**What the task asks:** The data below should be transcribed in full, with no picture included.

**Stored data entries:**
<<<<
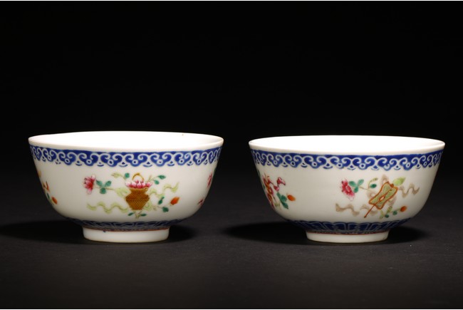 此器胎薄釉润,圆壁光泽,圈足托承。器身饰“如意云纹”“花卉纹”“莲瓣纹”,构图纹理 精妙,绘画传神,色泽浓淡相间,层次分明。“大清道光年制”款识,成对保存。
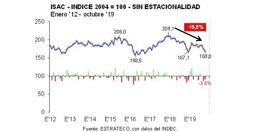 En octubre el Indicador Sintético de Actividad de la Construcción (ISAC) continuó retrocediendo. A la caída desestacionalizada (revisada) de 5,2% entre agosto y septiembre, se sumó una baja de 3,5% entre septiembre y octubre. La retracción post PASO anuló casi toda la recuperación (10,4%) que el ISAC desestacionalizado había registrado entre diciembre de 2018 y julio de 2019, que ahora quedó en 1,0%.
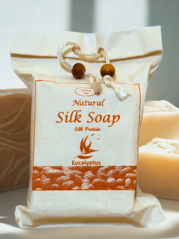 Calming handmade silk soap with lavender oil for stress relief and soothing evening skincare routine.
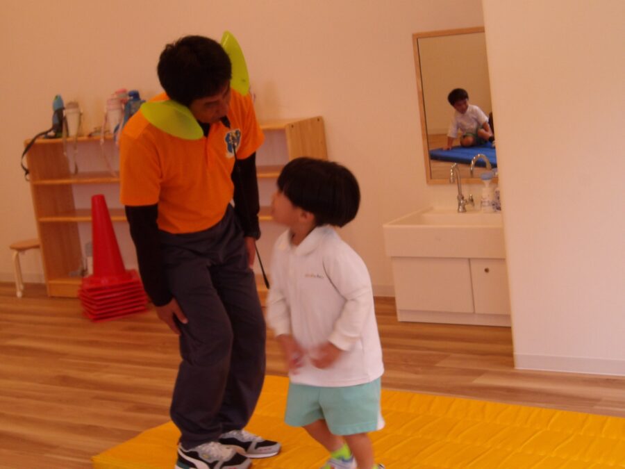 何度もやってみると、横への跳び方が分かり、跳び方が分かると足が高くあげられるようにもなってきました。
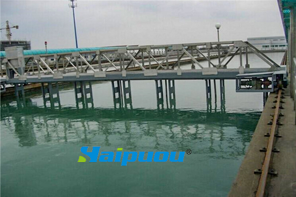 6、吸泥管和排泥管管道安裝,從吸泥泵的入口處開始自上往下安裝管道及吸泥嘴,吸泥嘴至池底距離為10~20mm。數(shù)臺(tái)吸泥泵匯總至一條出泥管道排入平流池外側(cè)污泥溝中。
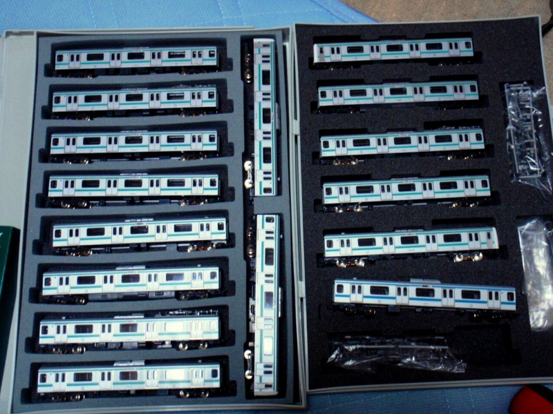 先日、リニューアル再販されましたが、当方は初期ロットを持ってます。 ただし、サハE501(サハE500)がなかなか入手できず、それでも3両はなんとか揃えられたものの、ラスト1両がどうしても入手困難な状態が1年近く。 この間はサハ209(京浜東北)でカバーしてました。 同じ寒冷色系なので混在しても違和感はありませんでした(笑) リニューアル再販の影響かセットバラシがヤフオクでも出始めて、先日なんとかラストの1両を落札し、本日無事に到着しました。 これでE501系15両フルで揃いました♪ 内装は既に209系を入れた時に実施しているので、座席パーツのみ交換、台車、床下、室内灯はそのまま利用。 残す作業はインレタと方向幕です。
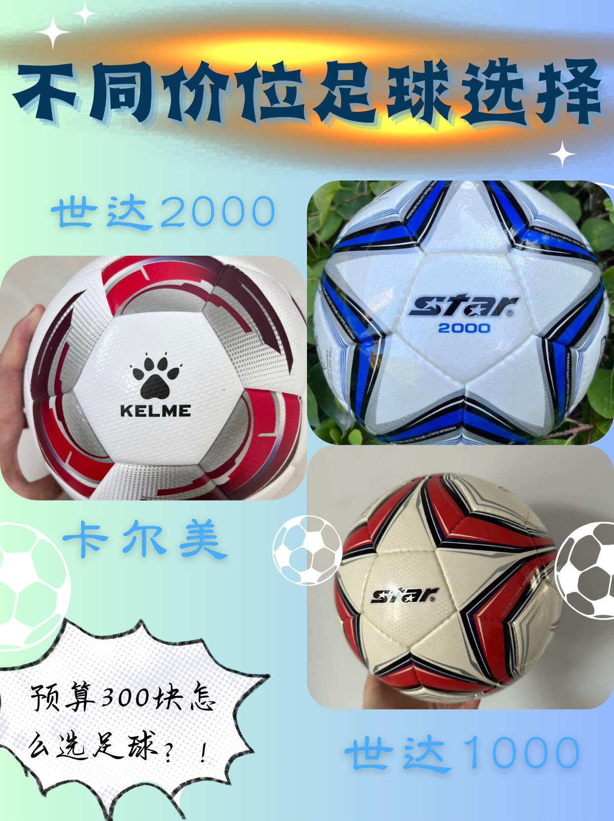 很多孩子或者同学一开始买足球的时候没有什么经验,今天这篇分享贴就是分享六款适合同学们平时踢球的热款足球!来看看今天带来的六款足球的推荐吧~ Adidas 2022卡塔尔世界杯 HG4777 💴369 2022年阿迪达斯推出的国际足联世界杯官方比赛用球,采用活力醒目的颜色和设计图案,丁基合成橡胶内胆,平时的足球好搭档 摩腾 手缝足球 F5A3200-AC 💴91 PU乳胶内胆 热粘合,细节外观都...
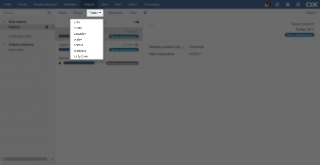 Aby zmienić termin wykonania zadanie, bez edycji innych opcji, należy wybrać jedno z zadań, kliknąć przycisk [Termin] na górze strony, a następnie z rozwijanej listy wybrać jeden z terminów.
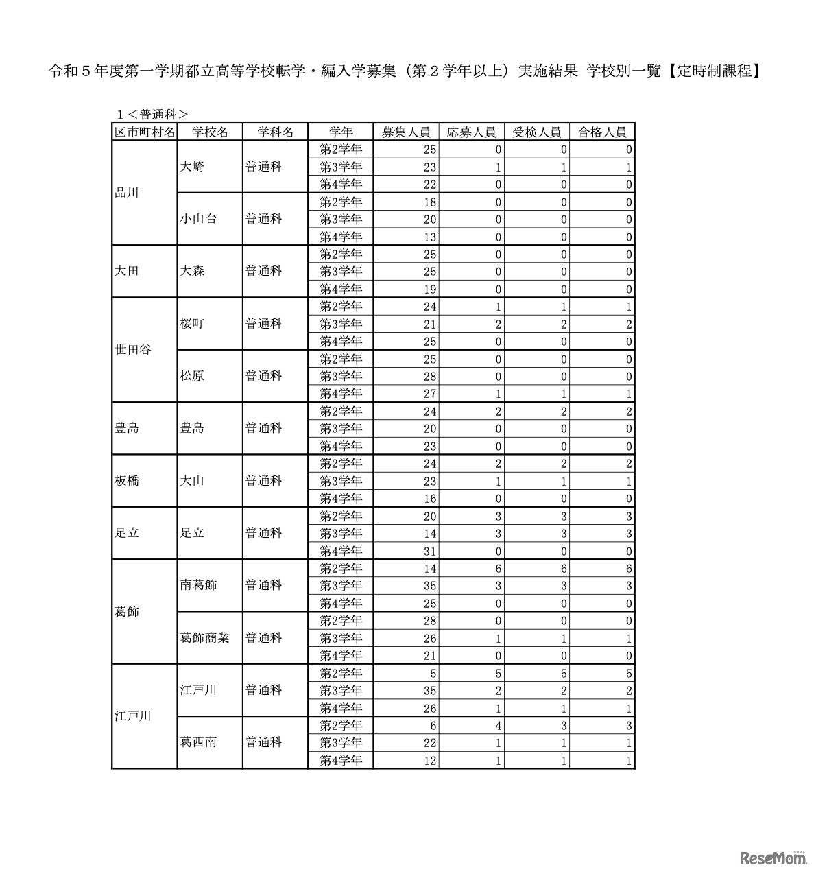 東京都教育委員会は2023年5月16日、2023年度(令和5年度)第1学期都立高等学校転学・編入学募集の実施結果について公表した。全日制170校で募集した結果、「区分1」「区分2」あわせて104人が受検し、54人が合格した。
>>>>
**Response for this exercise:**
 此器胎薄釉润,圆壁光泽,圈足托承。器身饰“如意云纹”“花卉纹”“莲瓣纹”,构图纹理 精妙,绘画传神,色泽浓淡相间,层次分明。“大清道光年制”款识,成对保存。
 En octubre el Indicador Sintético de Actividad de la Construcción (ISAC) continuó retrocediendo. A la caída desestacionalizada (revisada) de 5,2% entre agosto y septiembre, se sumó una baja de 3,5% entre septiembre y octubre. La retracción post PASO anuló casi toda la recuperación (10,4%) que el ISAC desestacionalizado había registrado entre diciembre de 2018 y julio de 2019, que ahora quedó en 1,0%.
 Calming handmade silk soap with lavender oil for stress relief and soothing evening skincare routine.
 何度もやってみると、横への跳び方が分かり、跳び方が分かると足が高くあげられるようにもなってきました。
 6、吸泥管和排泥管管道安裝,從吸泥泵的入口處開始自上往下安裝管道及吸泥嘴,吸泥嘴至池底距離為10~20mm。數(shù)臺(tái)吸泥泵匯總至一條出泥管道排入平流池外側(cè)污泥溝中。
 先日、リニューアル再販されましたが、当方は初期ロットを持ってます。 ただし、サハE501(サハE500)がなかなか入手できず、それでも3両はなんとか揃えられたものの、ラスト1両がどうしても入手困難な状態が1年近く。 この間はサハ209(京浜東北)でカバーしてました。 同じ寒冷色系なので混在しても違和感はありませんでした(笑) リニューアル再販の影響かセットバラシがヤフオクでも出始めて、先日なんとかラストの1両を落札し、本日無事に到着しました。 これでE501系15両フルで揃いました♪ 内装は既に209系を入れた時に実施しているので、座席パーツのみ交換、台車、床下、室内灯はそのまま利用。 残す作業はインレタと方向幕です。
 很多孩子或者同学一开始买足球的时候没有什么经验,今天这篇分享贴就是分享六款适合同学们平时踢球的热款足球!来看看今天带来的六款足球的推荐吧~ Adidas 2022卡塔尔世界杯 HG4777 💴369 2022年阿迪达斯推出的国际足联世界杯官方比赛用球,采用活力醒目的颜色和设计图案,丁基合成橡胶内胆,平时的足球好搭档 摩腾 手缝足球 F5A3200-AC 💴91 PU乳胶内胆 热粘合,细节外观都...
 Aby zmienić termin wykonania zadanie, bez edycji innych opcji, należy wybrać jedno z zadań, kliknąć przycisk [Termin] na górze strony, a następnie z rozwijanej listy wybrać jeden z terminów.
 東京都教育委員会は2023年5月16日、2023年度(令和5年度)第1学期都立高等学校転学・編入学募集の実施結果について公表した。全日制170校で募集した結果、「区分1」「区分2」あわせて104人が受検し、54人が合格した。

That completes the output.